Tuesday, November 4, 2014

Maps to the Stars


The framing star maps represent David Cronenberg’s two arenas of action here. The first, the map of Hollywood stars’ homes, points to the mundane glamorous world whose pretensions he approaches with acerbic satire. There are some great comic lines here. The stilted acting style, whether terse or flamboyant, suggests the artificiality of those characters’ lives. 
For their real drama lies beyond their awareness. That is represented by the last map, that of the heavenly stars. Where the streets are where the characters live — or used to — this map is where mankind functions. Even the powerful are but puppets of the gods. Here the satire gives way to the larger dimension of classical Greek tragedy, a powerful family doomed by a buried secret. Cronenberg visits a classical tragedy upon a silly Hollywood family. Small people can live big lives, even those small enough to think they’re living big lives. 
The two tones intertwine in the various characters’ quotation of a Paul Eluard poem. The libertines — who live in satire — yearn for liberty — freedom from the gods that control the tragic dimension. 
The family’s name, Weiss, is ironic because for all its power the family has very little wisdom. The married couple know their secret but have foolishly tried to hide it and its consequences. Dr Stafford Weiss (John Cusack) is famous for psychological texts that extoll the value of (of course) confronting secrets. His therapy method uses physical abuse to squeeze the last secrets out of his patients’ flesh. Wife Christina (Olivia Williams) manages their 13-year-old movie star son Benjie (Evan Bird), fresh out of drug rehab and contracting to star in the sequel to his hit comedy Bad Babysitter (which is not necessarily a reflection on his parents and their “chore whores”).  
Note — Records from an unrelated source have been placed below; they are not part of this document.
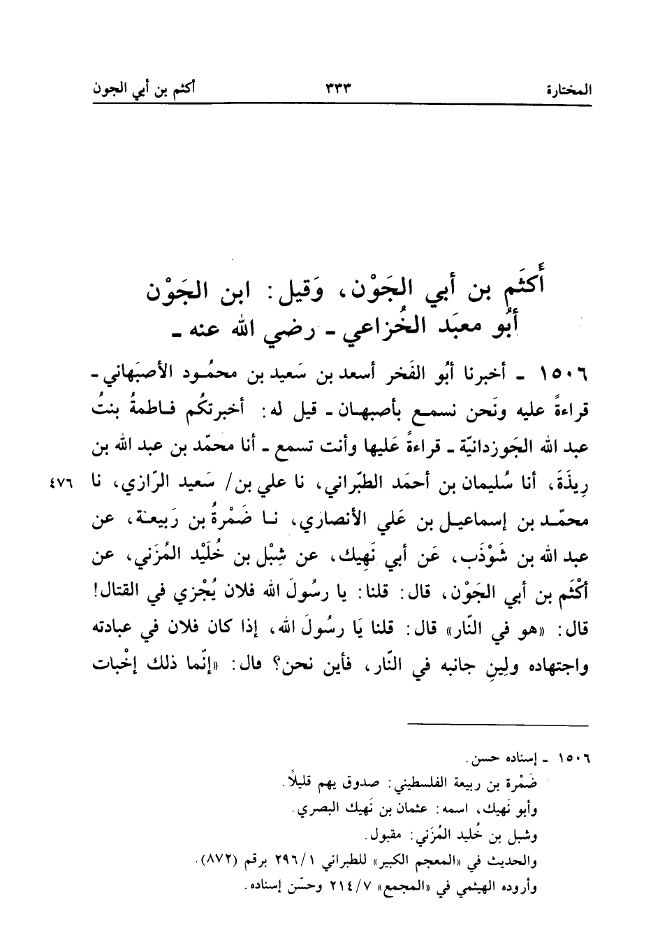 1506 - أَخْبَرَنَا أَبُو الْفَخْرِ أَسْعَدُ بْنُ سَعِيدِ بْنِ مَحْمُودٍ الأَصْبَهَانِيُّ قِرَاءَةً عَلَيْهِ وَنَحْنُ نَسْمَعُ بِأَصْبَهَانَ قِيلَ لَهُ أَخْبَرَتْكُمْ فَاطِمَةُ بِنْتُ عَبْدِ اللَّهِ الْجَوْزِدَانِيَّةُ قِرَاءَةً عَلَيْهَا وَأَنْتَ تَسْمَعُ أَنا مُحَمَّدُ بْنُ عَبْدِ اللَّهِ بْنِ رِيذَةَ أَنَا سُلَيْمَانُ بْنُ أَحْمَدَ الطَّبَرَانِيُّ نَا عَلِيُّ بْنُ سَعِيدٍ الرَّازِيُّ نَا مُحَمَّدُ بْنُ إِسْمَاعِيلَ بْنِ عَلِيٍّ الأَنْصَارِيُّ نَا ضَمْرَةُ بْنُ رَبِيعَةَ عَنْ عَبْدِ اللَّهِ بْنِ شَوْذَبٍ عَنْ أَبِي نَهِيكٍ عَنْ شِبْلِ بِنْ خُلَيْدٍ الْمُزْنِيِّ عَنْ أَكْثَمَ بْنِ أَبِي الْجَوْنِ قَالَ قُلْنَا يَا رَسُولَ اللَّهِ فُلانٌ يُجْزِي فِي الْقِتَالِ قَالَ هُوَ فِي النَّارِ قَالَ قُلْنَا يَا رَسُولَ اللَّهِ إِذَا كَانَ فُلانٌ فِي عِبَادَتِهِ وَاجْتِهَادِهِ وَلِينِ جَانِبِهِ فِي النَّارِ فَأَيْنَ نَحْنُ قَالَ إِنَّمَا ذَلِكَ إخبات
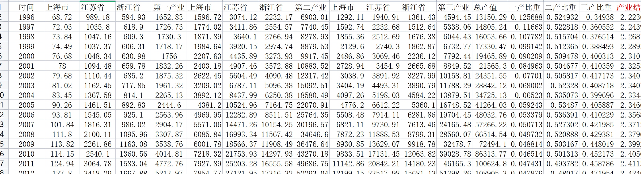 四、徐云德三次产业加权法长三角产业机构水平指数
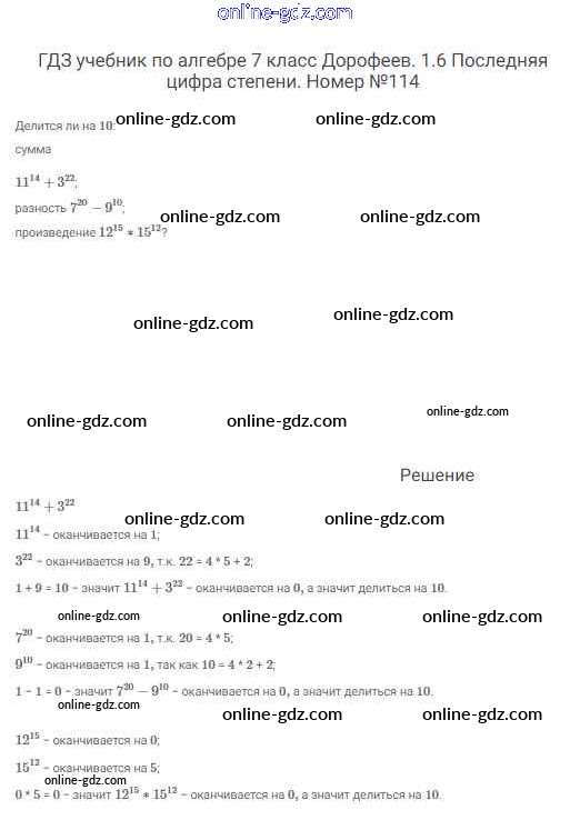 Готовые домашние задания по Алгебре за 7 класс Учебник Дорофеев, Суворова Академический школьный учебник 2020 - Упражнения 114
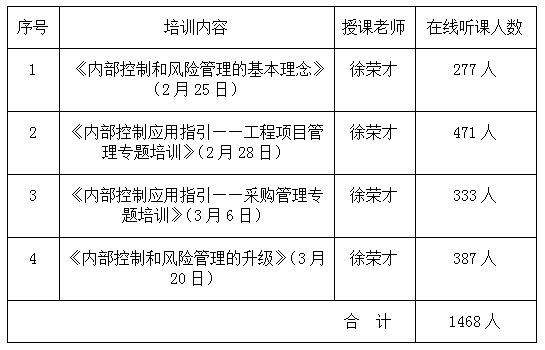 總咨詢師徐榮才利用工作閑暇,主動(dòng)設(shè)計(jì)和準(zhǔn)備課件,先后組織了四次內(nèi)部控制與風(fēng)險(xiǎn)管理的專題培訓(xùn)講座,各個(gè)業(yè)務(wù)板塊和分子公司踴躍報(bào)名,累計(jì)聽課人員近1500人。
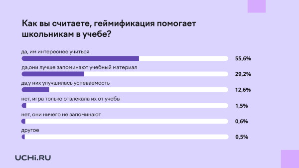 Им интереснее учиться (55,6%), они лучше запоминают учебный материал (29,2%), у них улучшается успеваемость (12,6%). Только 2,1% учителей заявляют об отрицательном эффекте механик геймификации. Они считают, что игровые элементы только отвлекают школьников от учебы (1,5%), дети ничего не запоминают (0,6%).
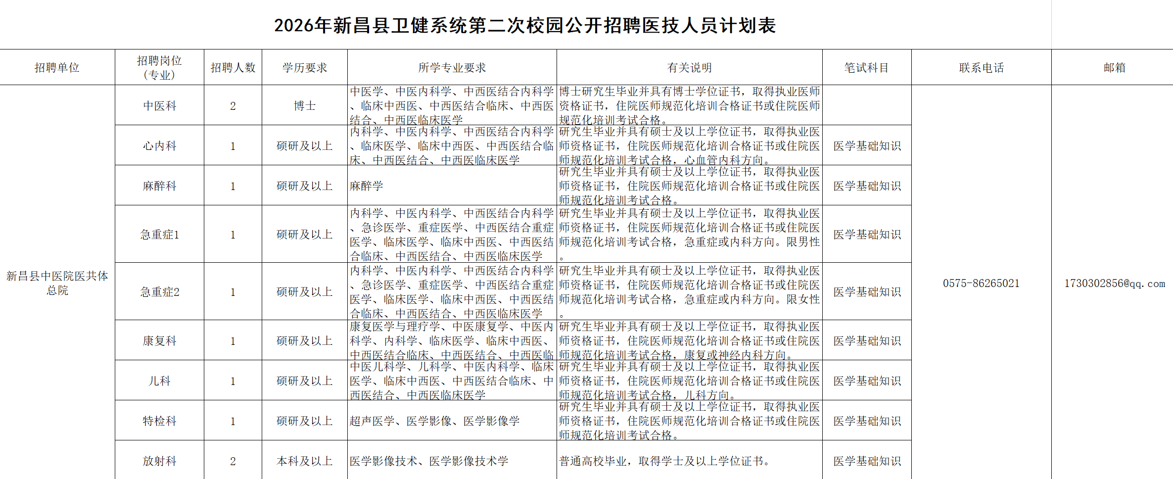 2026年新昌县卫健系统第二次校园公开招聘医技人员公告
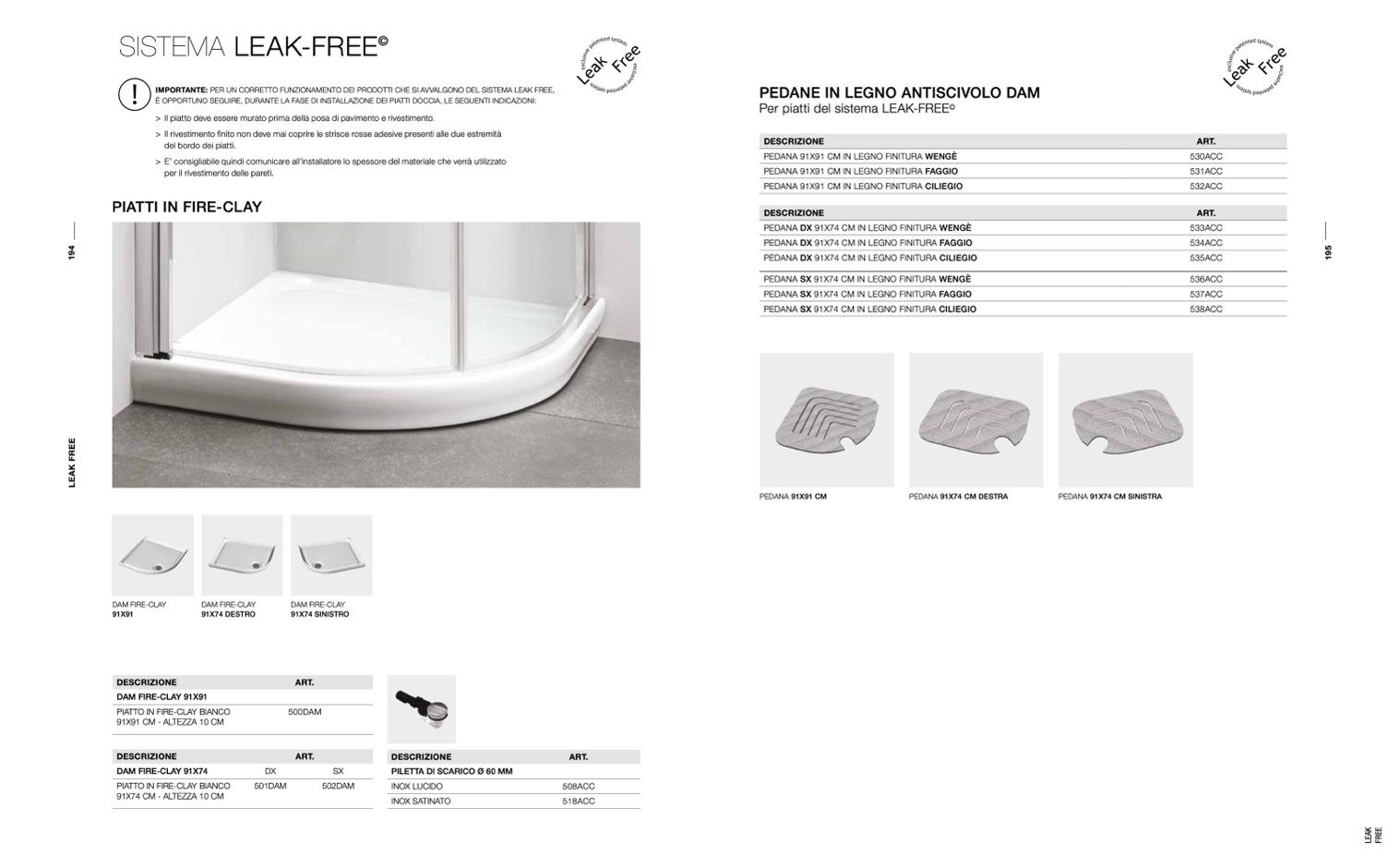IMPORTANTE: PER UN CORRETTO FUNZIONAMENTO DEI PRODOTTI CHE SI AVVALGONO DEL SISTEMA LEAK FREE,
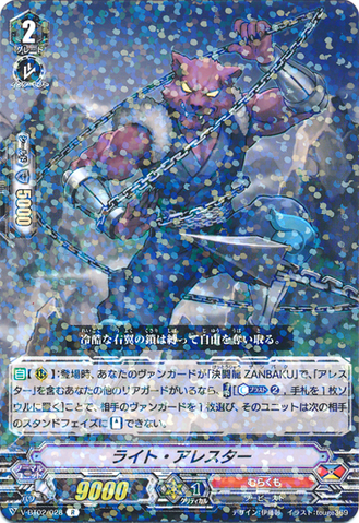 ACT [V] [1/Turn]: COST[C-Blast (1) & S-Blast (1)], search your deck for up to one card with "Arrester" in its card name, call it to [R], shuffle your deck, and this unit gets [Power] +5000 until end of turn. If "Right Arrester" and "Left Arrester" are on your [R], your opponent cannot ride a grade 3 or greater from a grade 3 on his or her next ride phase.
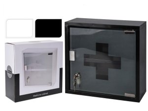 rozměry (Š x V x H): 30 x 30 x 12 cm nerezová ocel se skleněnými dvířky obsahuje 2 klíče bez výbavy barva: bílá, černá Nástěnná uzamykatelná lékárnička bez výbavy je vhodná pro umístění do koupelen či …
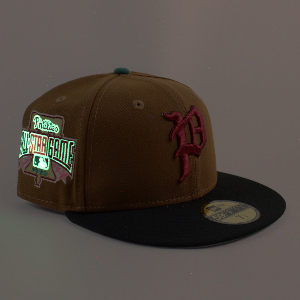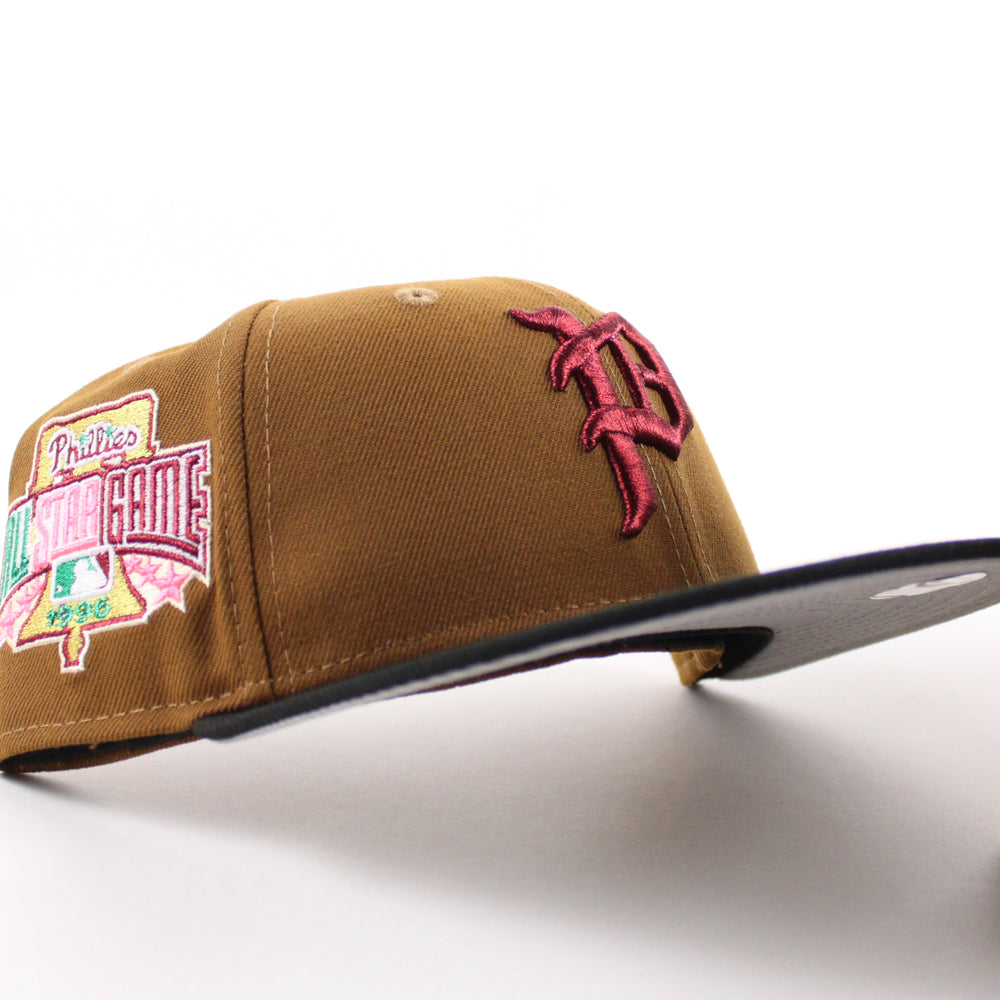 Philadelphia Phillies 1996 All Star Game 59Fifty New Era Fitted Hat in Toasted Peanut and Black With a Gray Under Brim.
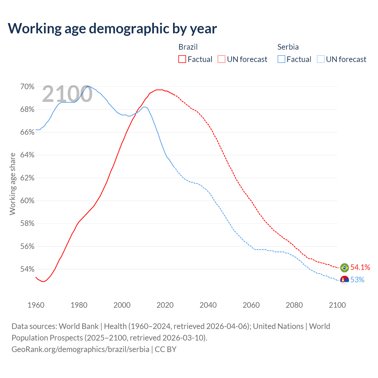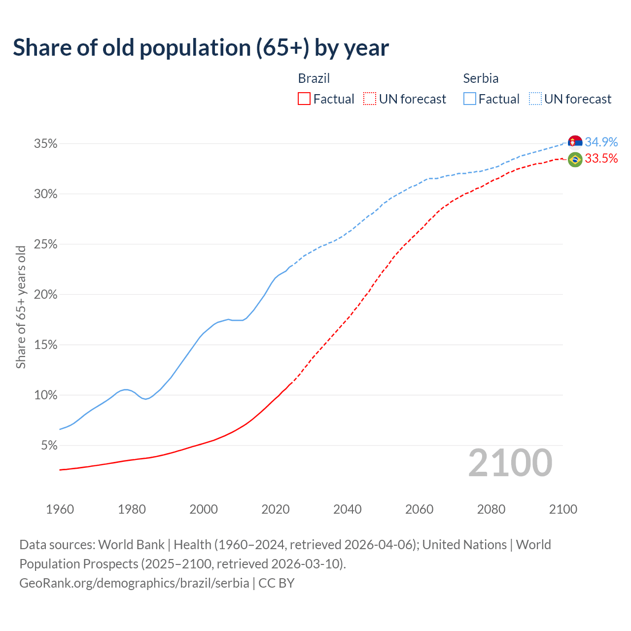 Median age Brazil vs Serbia, 1960-2100
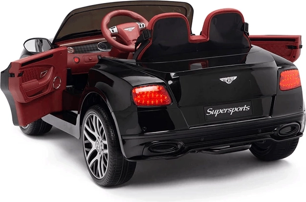 Mașinuță electrică pentru copii, stilată, inspirată de BENTLEY Supersport, oferă design realist, două motoare puternice, telecomandă parentală 2,4 GHz și uși deschizătoare. Datorită roților din cauciuc, suspensiei spate, centurilor de siguranță și panoului multimedia cu USB/MP3, copiii se bucură de o plimbare confortabilă și sigură, atât acasă, cât și afară.
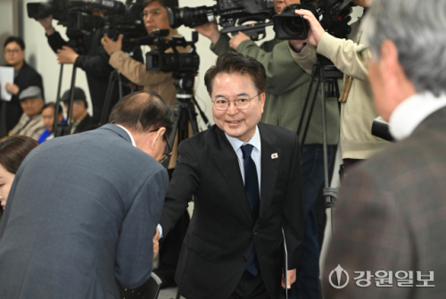 육동한 춘천시장이 2일 시청 브리핑룸에서 열린 6·3지선 시장 출마 선언 기자회견에 앞서 참석자들과 인사를 나누고 있다. 박승선기자
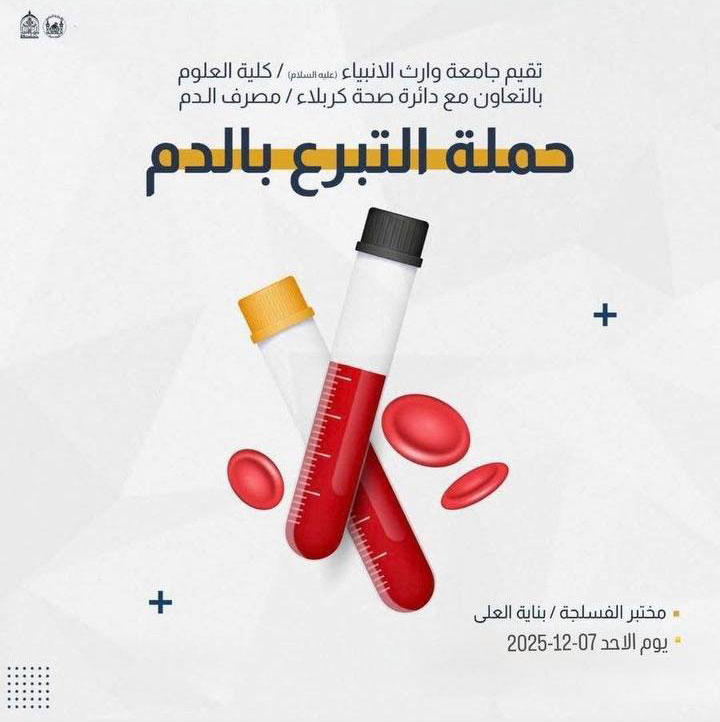 The College of Science at the University of Warith Al-Anbiyaa launched a blood donation initiative with the participation of academic staff and university employees. The initiative aimed to support the blood bank in Karbala and contribute to meeting the community’s medical needs.

The family’s key secret is that Christina and Stafford are siblings, separated in childhood, who unwittingly met abroad, fell in love, married, had two children and discovered they were enacting the most primal taboo. But their love was too great to part. The secondary secret is that four years ago Benjie’s older sister Agatha (Mia Wasikowska) drugged him (with “vitamin” pills) and then burned the house down. He was saved with only psychological scars, but she suffered burns to her body and face. The knowing Agatha and ignorant Benjie used to replay their parents’ marriage in a ceremony of reciprocal consecration. 
Released from the sanatorium, Agatha returns to Hollywood and gets a job as personal assistant to a fading star, Havana Segrand (Julianne Moore). A tragic heroine in her own right — and mind — Havana seeks to revive her career by playing her dead mother’s role in a remake of the ‘60s classic that made her mother a star. She first loses the part but gets it when the other actress loses her young son in a tragic accident. The gods move in mysterious ways their wonders to deform.
While the parents are haunted by their buried secret, Havana is haunted by taunting visits from her dead mother — even worse, as she was in her beautiful youth. Benjie is haunted first by the young girl whom he visited in the hospital and then by the actress’s dead son.The hauntings embody the chilling grip the past maintains on the present. When Agatha reappears she has the power of a disturbing ghost, provoking her brother’s confusion, their mother’s agony and their father’s futile attempt to assert his power, first with a big bribe then with a physical attack. At the end the whole family is destroyed, mother by fire and water, the kids by their parody wedding and the father by a death-in-life stupor — that probably wreaks havoc upon his much anticipated book tour.
Underneath all the glamour and Hollywood sunshine this is a Cronenberg horror movie. Each major character wrestles with personal demons beyond the call of normal neurosis. As the old maps used to say on their unexplored spaces — There be monsters here. 
     It’s a challenging film, as it interweaves two such incompatible genres, satire and classical tragedy, with some very unlikable characters, especially the Weiss males and the colonialist Havana. Unlike Benjie’s franchise, this film is one of a kind, that requires us to adjust to its quirks and disturbing inflections. It denies us our usual satisfactions — always a Cronenberg virtue.